►
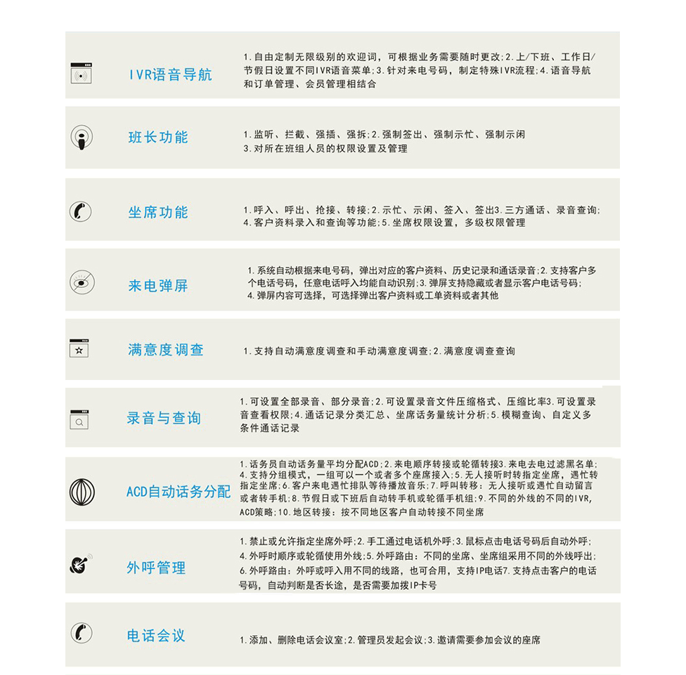 1. 具有來。去電彈屏. 鼠標(biāo)撥號. 錄音. 客戶信息輸入. 分婁. 編組. 修改. 編輯. 導(dǎo)入導(dǎo)出
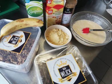 Mix de bananen, met de eieren en de yoghurt tot een gladde massa. Daarna roer je de rest van de ingrediënten erdoor.
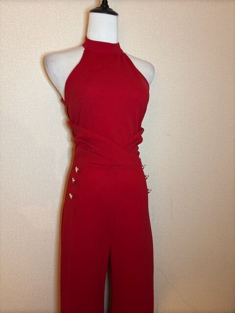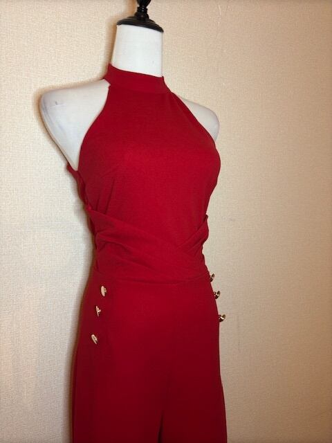 鮮やかRED★コンビネゾン!GOLDボタン付き
◄
• _YOUR GOAL_
Take the line with "Mix de bananen, met" and each line after it through the end of the material above, and reproduce them exactly, without the pictures.

• _OUTPUT OF THE EXERCISE_
 Mix de bananen, met de eieren en de yoghurt tot een gladde massa. Daarna roer je de rest van de ingrediënten erdoor.
 鮮やかRED★コンビネゾン!GOLDボタン付き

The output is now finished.